:: YOUR ASSIGNMENT ::
Once you find the line containing "With a Walk", set down exactly that line and every one after it through the end of the listing below, with both ends included and any pictures omitted.

:: RECORD EXTRACTS ::
Start of Block

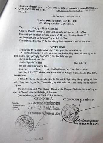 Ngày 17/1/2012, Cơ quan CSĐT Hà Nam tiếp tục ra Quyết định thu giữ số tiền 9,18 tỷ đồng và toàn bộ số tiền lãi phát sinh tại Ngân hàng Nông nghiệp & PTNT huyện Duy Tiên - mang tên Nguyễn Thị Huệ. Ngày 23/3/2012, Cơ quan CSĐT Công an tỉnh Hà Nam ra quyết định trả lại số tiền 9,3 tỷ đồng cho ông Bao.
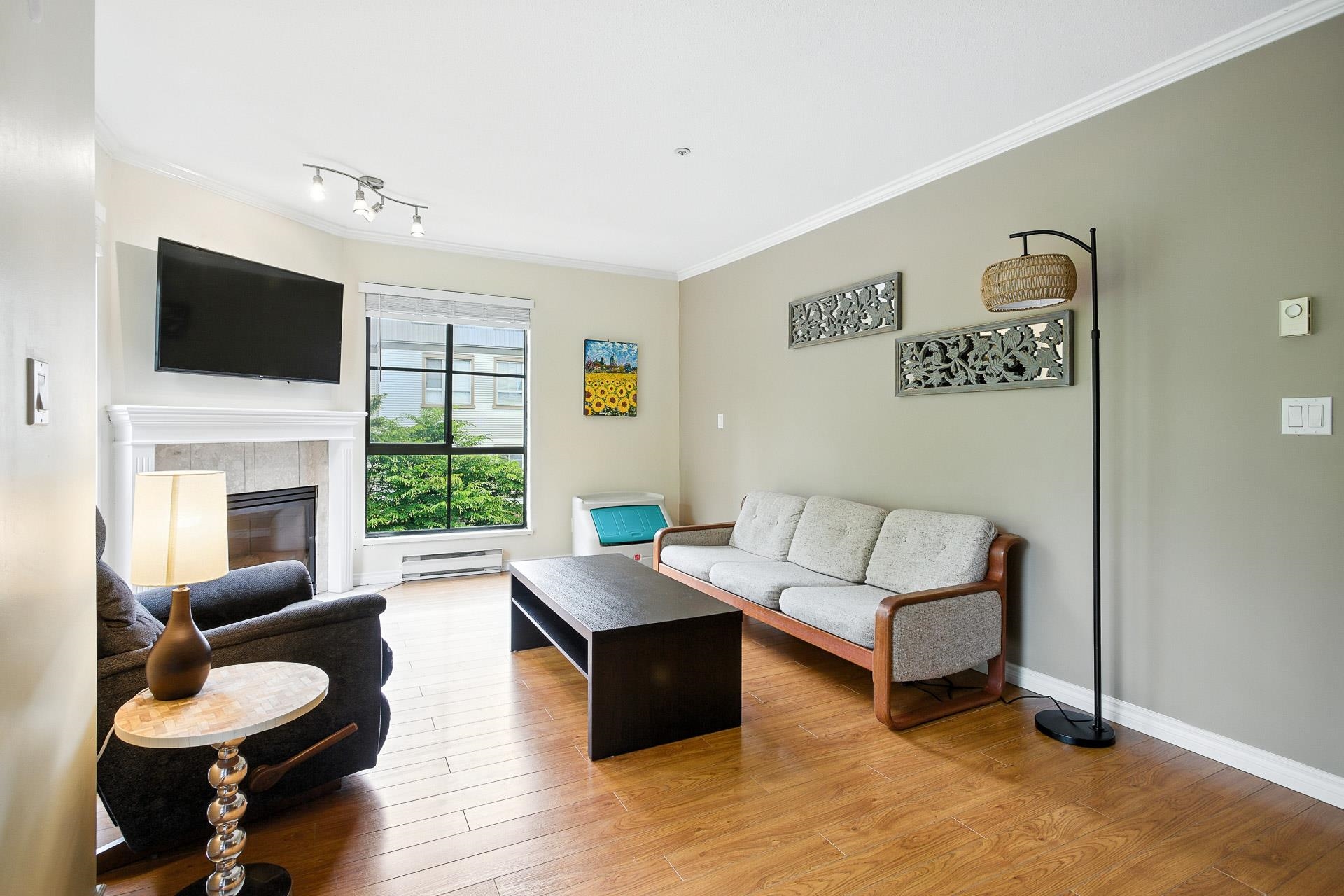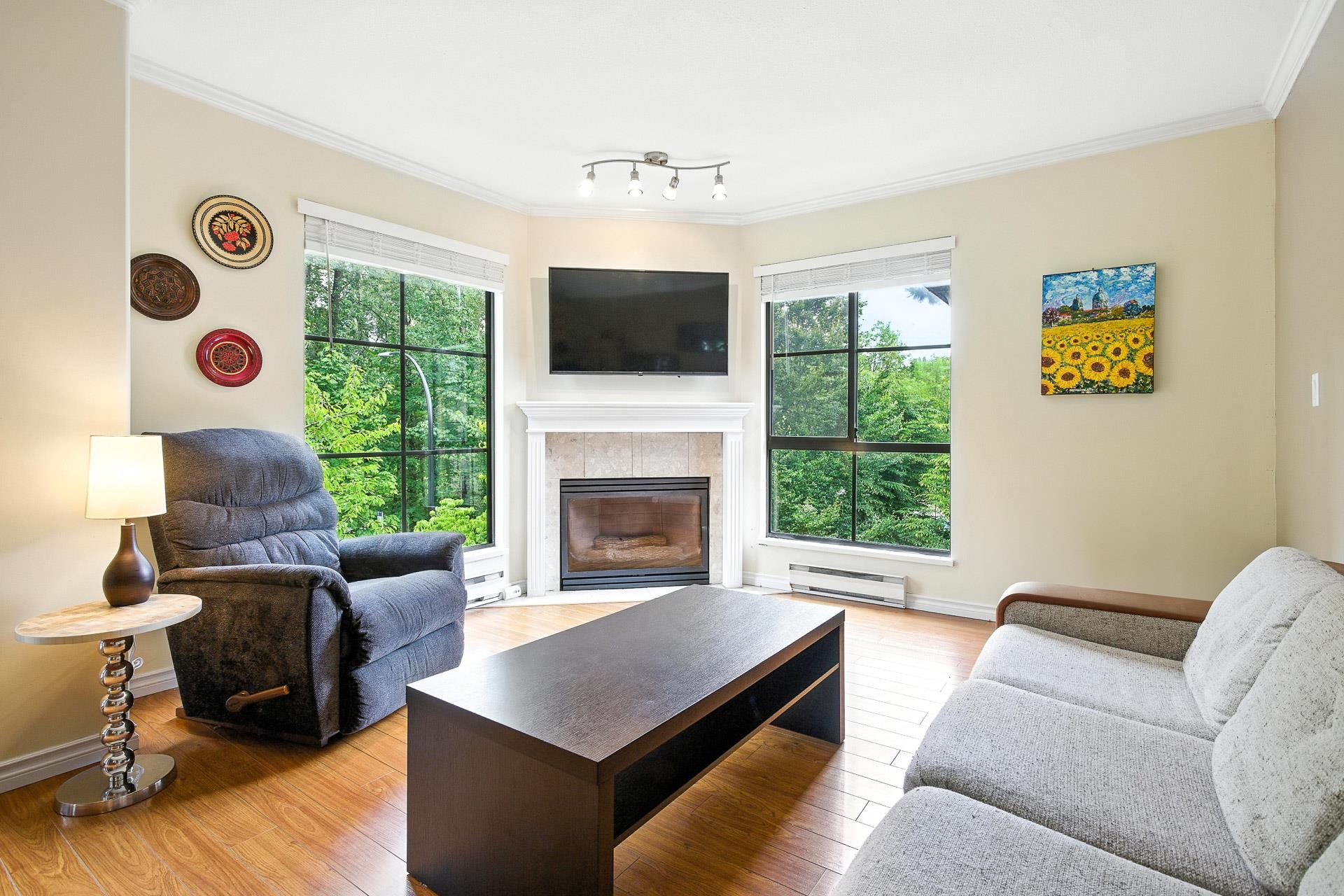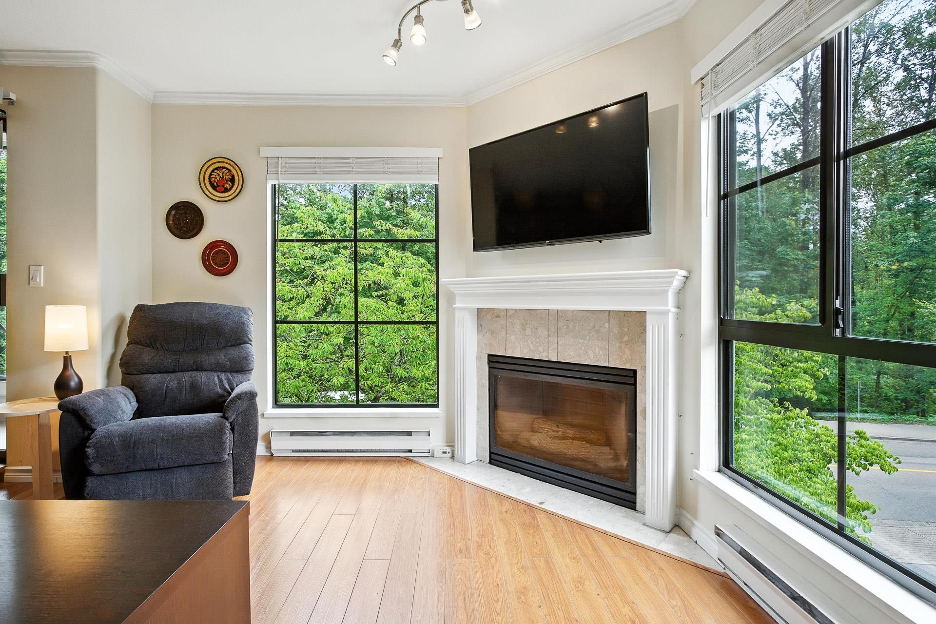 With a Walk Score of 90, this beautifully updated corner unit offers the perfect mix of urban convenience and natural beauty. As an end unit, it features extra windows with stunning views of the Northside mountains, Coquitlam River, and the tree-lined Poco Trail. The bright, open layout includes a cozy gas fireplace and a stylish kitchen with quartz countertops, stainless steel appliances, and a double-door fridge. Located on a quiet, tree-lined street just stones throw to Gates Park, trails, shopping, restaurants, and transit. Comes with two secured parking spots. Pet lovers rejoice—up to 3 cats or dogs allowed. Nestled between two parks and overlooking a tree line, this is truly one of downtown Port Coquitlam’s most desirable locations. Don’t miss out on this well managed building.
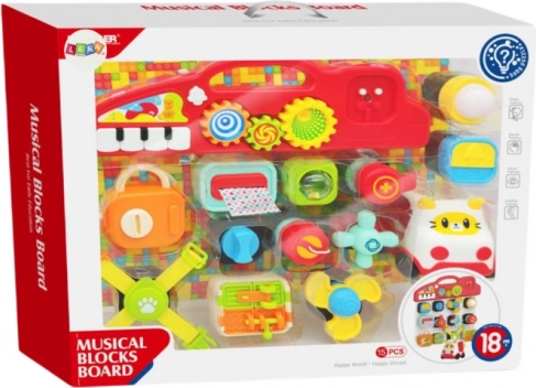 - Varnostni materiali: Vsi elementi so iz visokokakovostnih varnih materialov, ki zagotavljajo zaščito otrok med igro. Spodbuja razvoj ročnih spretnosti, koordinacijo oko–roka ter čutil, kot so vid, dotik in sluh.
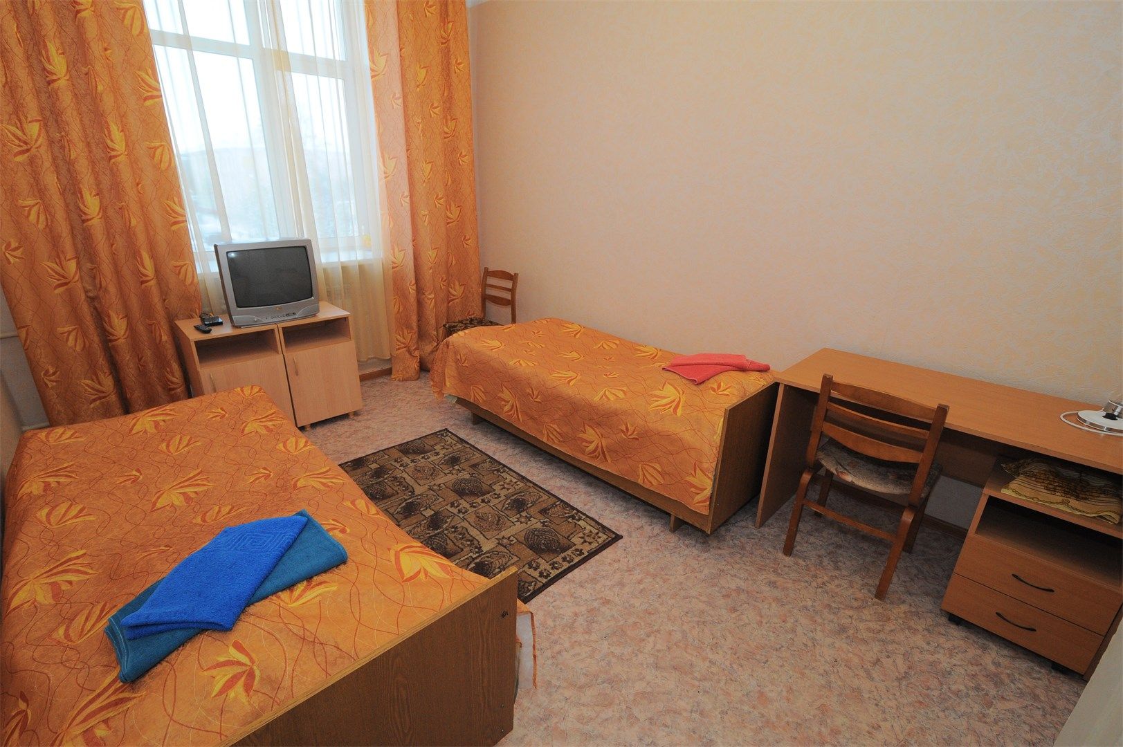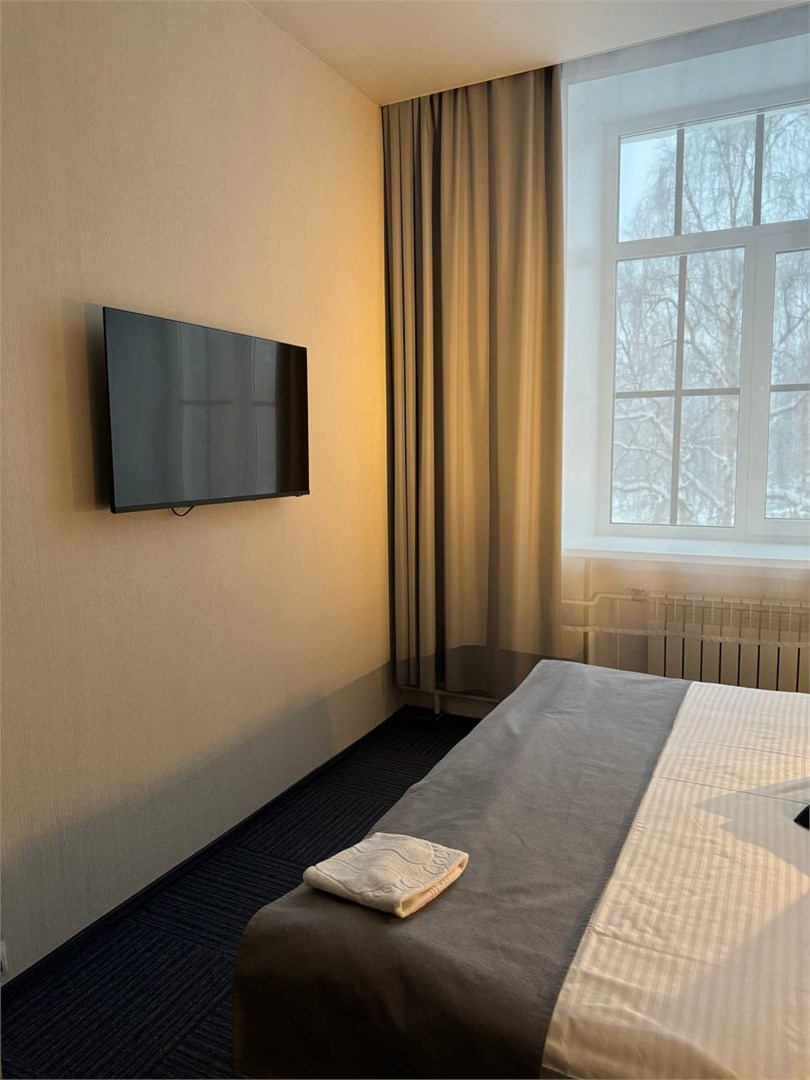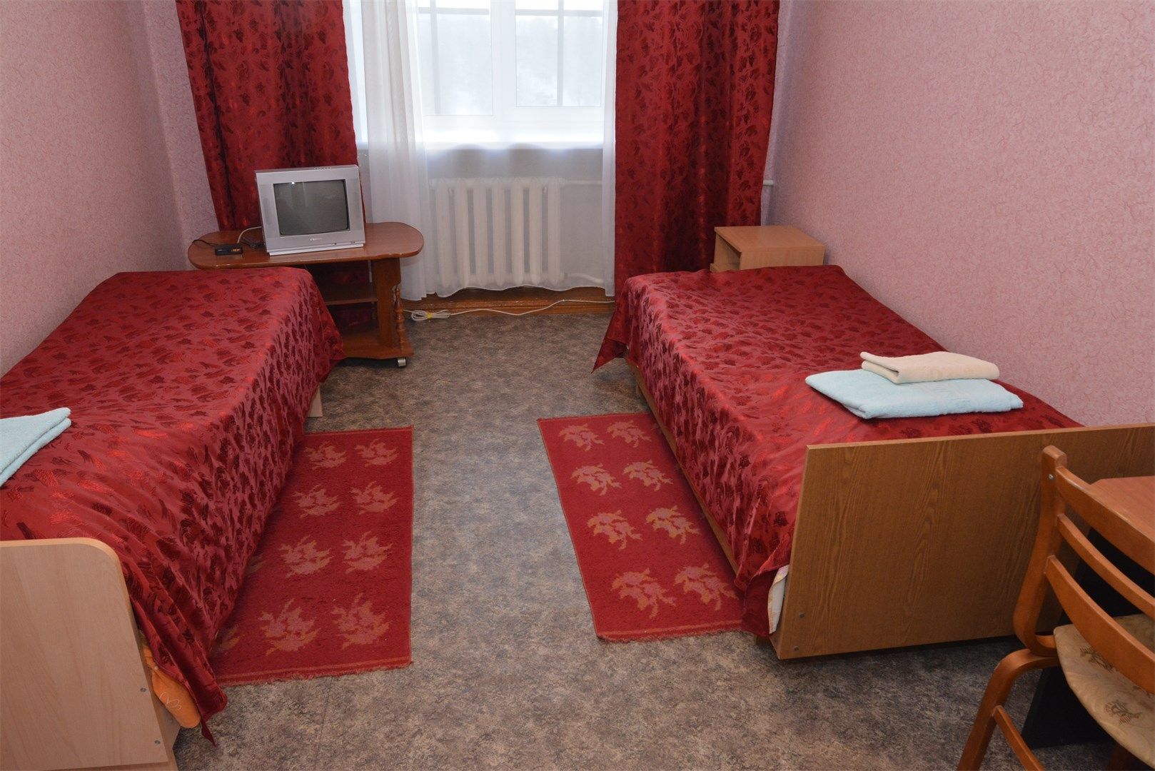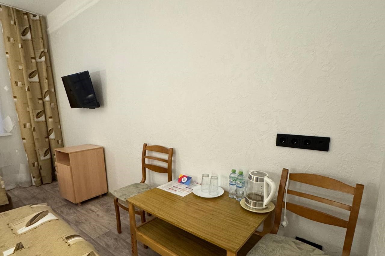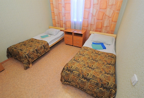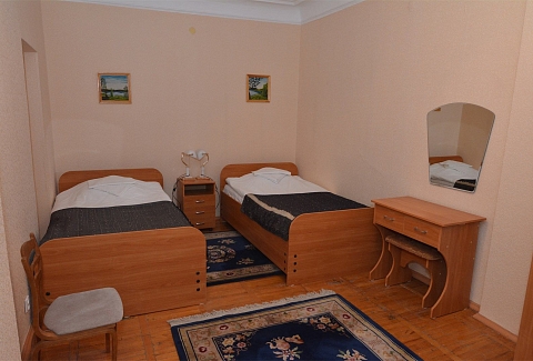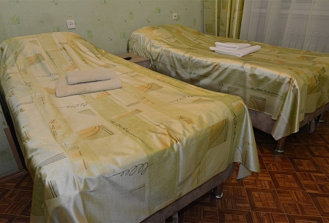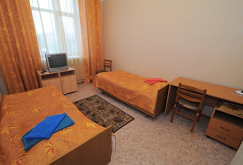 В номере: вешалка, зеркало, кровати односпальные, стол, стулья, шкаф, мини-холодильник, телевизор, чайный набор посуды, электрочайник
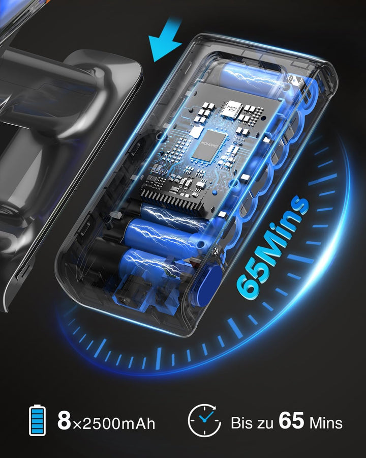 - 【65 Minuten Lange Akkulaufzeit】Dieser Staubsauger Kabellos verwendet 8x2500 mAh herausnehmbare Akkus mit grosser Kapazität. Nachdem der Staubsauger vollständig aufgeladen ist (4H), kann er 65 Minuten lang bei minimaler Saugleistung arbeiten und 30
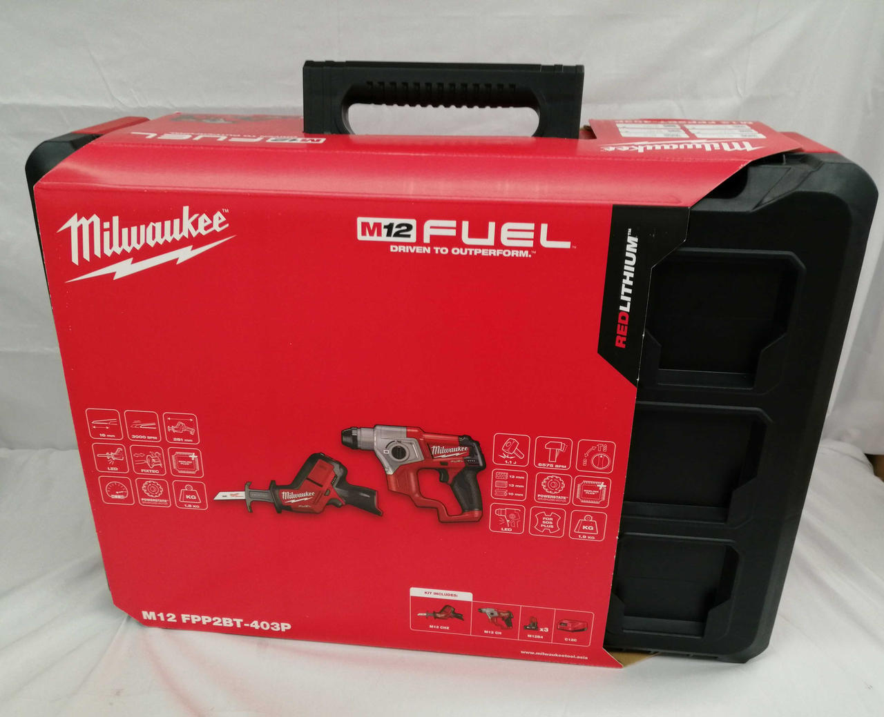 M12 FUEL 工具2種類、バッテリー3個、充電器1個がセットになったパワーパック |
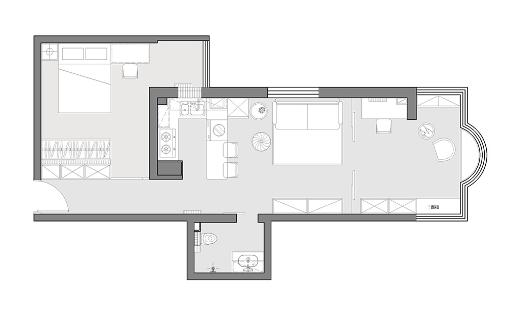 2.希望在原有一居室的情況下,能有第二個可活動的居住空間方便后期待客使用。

End of Block

:: SOLUTION TO THIS PROBLEM ::
 With a Walk Score of 90, this beautifully updated corner unit offers the perfect mix of urban convenience and natural beauty. As an end unit, it features extra windows with stunning views of the Northside mountains, Coquitlam River, and the tree-lined Poco Trail. The bright, open layout includes a cozy gas fireplace and a stylish kitchen with quartz countertops, stainless steel appliances, and a double-door fridge. Located on a quiet, tree-lined street just stones throw to Gates Park, trails, shopping, restaurants, and transit. Comes with two secured parking spots. Pet lovers rejoice—up to 3 cats or dogs allowed. Nestled between two parks and overlooking a tree line, this is truly one of downtown Port Coquitlam’s most desirable locations. Don’t miss out on this well managed building.
 - Varnostni materiali: Vsi elementi so iz visokokakovostnih varnih materialov, ki zagotavljajo zaščito otrok med igro. Spodbuja razvoj ročnih spretnosti, koordinacijo oko–roka ter čutil, kot so vid, dotik in sluh.
 В номере: вешалка, зеркало, кровати односпальные, стол, стулья, шкаф, мини-холодильник, телевизор, чайный набор посуды, электрочайник
 - 【65 Minuten Lange Akkulaufzeit】Dieser Staubsauger Kabellos verwendet 8x2500 mAh herausnehmbare Akkus mit grosser Kapazität. Nachdem der Staubsauger vollständig aufgeladen ist (4H), kann er 65 Minuten lang bei minimaler Saugleistung arbeiten und 30
 M12 FUEL 工具2種類、バッテリー3個、充電器1個がセットになったパワーパック |
 2.希望在原有一居室的情況下,能有第二個可活動的居住空間方便后期待客使用。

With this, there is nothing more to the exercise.